Ms Byrnes has been made aware of her right to challenge each and every allegation which Mr Farrow is required to prove, namely that:
a)an order exists;
b)she was aware of the order;
c)she understood the order;
d)she has not done that which the order required; and,
e)Mr Farrow has not, through the evidence that he has led, or through her cross-examination of him, established that there is no apparent reasonable basis for non-compliance or reasonable excuse.
I note that the Application in fact contains 34 allegations. I intend to proceed and deal with 31 of the 34 allegations.

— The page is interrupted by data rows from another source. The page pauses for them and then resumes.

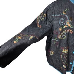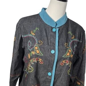Denim & Co 1X Black Denim Blue Trim Embroidered Button Down Shirt Jacket NWT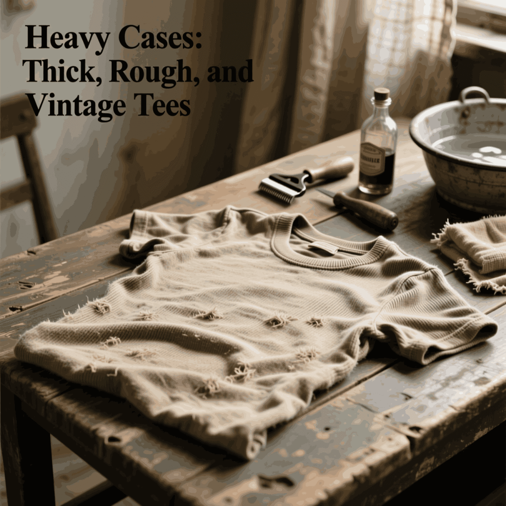 Vintage tees need the gentlest route. Hand wash cool, use a short vinegar rinse, and avoid aggressive abrasion. You’re preserving character and adding comfort.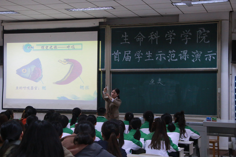 团委选择了在从业技能大赛中获得过特等奖、一等奖、二等奖的同学做授课展演。首先是岳淑婷同学,她讲解的是光合作用,洪亮的声音,简洁的语言,漂亮的板书,无不显示出她授课的规范性。接下来,由张飘飘同学做展演,她讲解的是转录,她凭借平易近人的姿态征服了现场的同学。张祥沛老师对这两位同学进行点评展演:两位同学技能精湛,内容精细,教学设计、理念新颖;同时对两位同学的不足提出了改进意见。而后,王美云同学和杨丽娟同学分别就鱼类和磷脂双分子层为大家做了授课展演,充分展示了她们扎实的专业技能与别样的授课风采。郭永峰老师分享了自己对授课大赛的理解并对两位同学进行点评展演。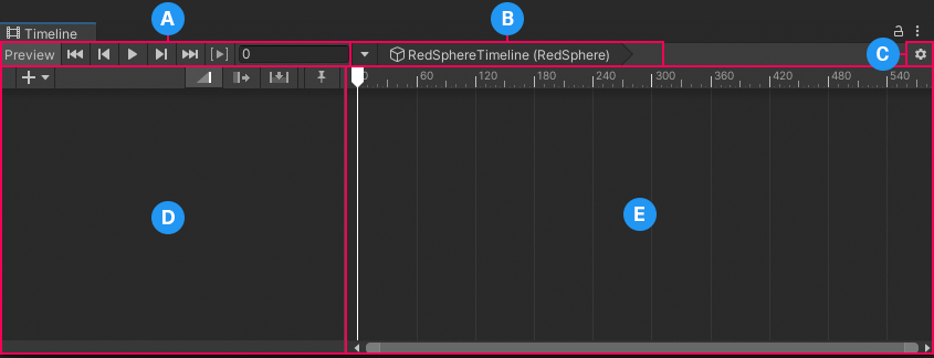 Timeline 窗口大体分 5 块(对应图里的 A~E):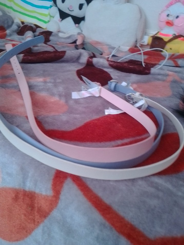 Pastel tonlarda, plastik malzemeden yapılmış, kurdele detaylı kadın kemeri, minimalist sokak modasına uygun.
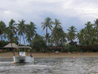 un petit stop sur une de ces île. Nous nous arrêtons aux ïles Fidji. Par contre, la météo n'est pas avec nous.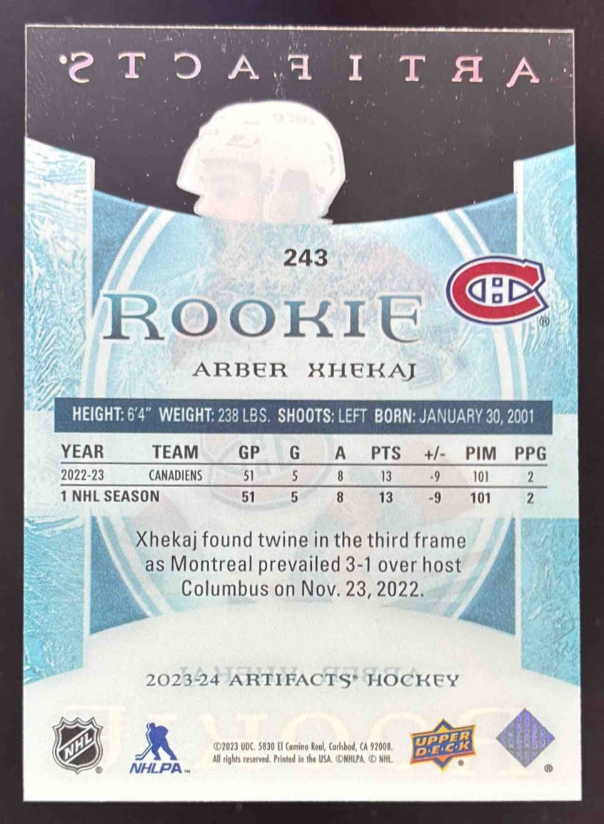 2023-24 Upper Deck Artifacts Clear Cut Rookies #243 Arber Xhekaj Rookie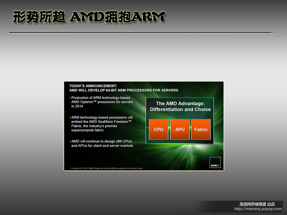 首款ARM架构的AMD Opteron处理器计划在2014年投产,仍将披挂Opteron皓龙品牌。这种64位的多核心SoC会针对数据中心中份额最大的密集型高能效服务器进行优化,提供现代计算体验,并整合收购而来的SeaMicro Freedom超级计算光纤互联技术。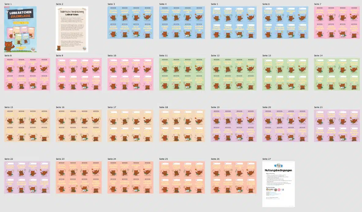 Die Lobkärtchen können im Klassenzimmer gesammelt, mit nach Hause genommen oder für besondere Aktionen genutzt werden – ganz so, wie es zur jeweiligen Lerngruppe passt. Die verschiedenen Vorlagen und Designs sorgen dafür, dass die Kinder sich über ein buntes, abwechslungsreiches Lob freuen können.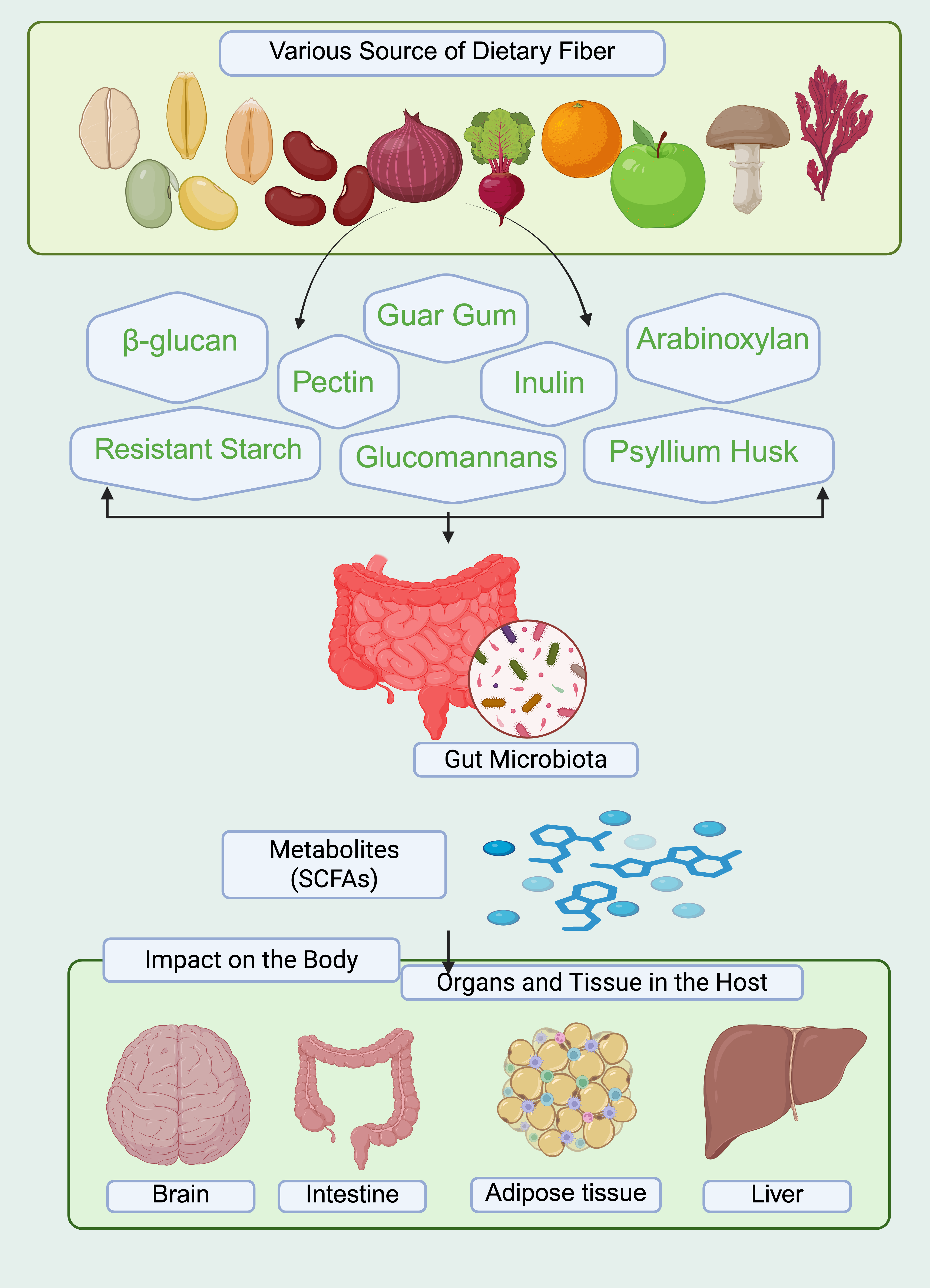 | Origin | Plant | Cellulose, Hemicellulose, Lignin, Pectin, Inulin, β-glucan, Resistant starch, Gums, Mucilage, Algal polysaccharides | [11,12] |

The last allegation contained in the Application suggests a contravention on the very day of filing of the Application, being 14 May 2013. That allegation is denied in its totality by Ms Byrnes and fairly so. Indeed, the allegation is not pressed. The parties were clearly before this Court on that date.
Two further allegations, I am satisfied, should not be considered by me and would not prejudice Mr Farrow if they were not. The mother contends in her material – although she conceded the allegations in any event – that on one occasion she had attended at the changeover point, both at 8.30am and again at 11.30am and on a further date the parties were before the Court. There are issues of real contention as to when time periods should commence. I will deal with that at some length shortly.
The other 31 allegations are clearly made out.
Mr Farrow need only establish one contravention, let alone 31, before he is in a position to invoke the Court’s jurisdiction to address them.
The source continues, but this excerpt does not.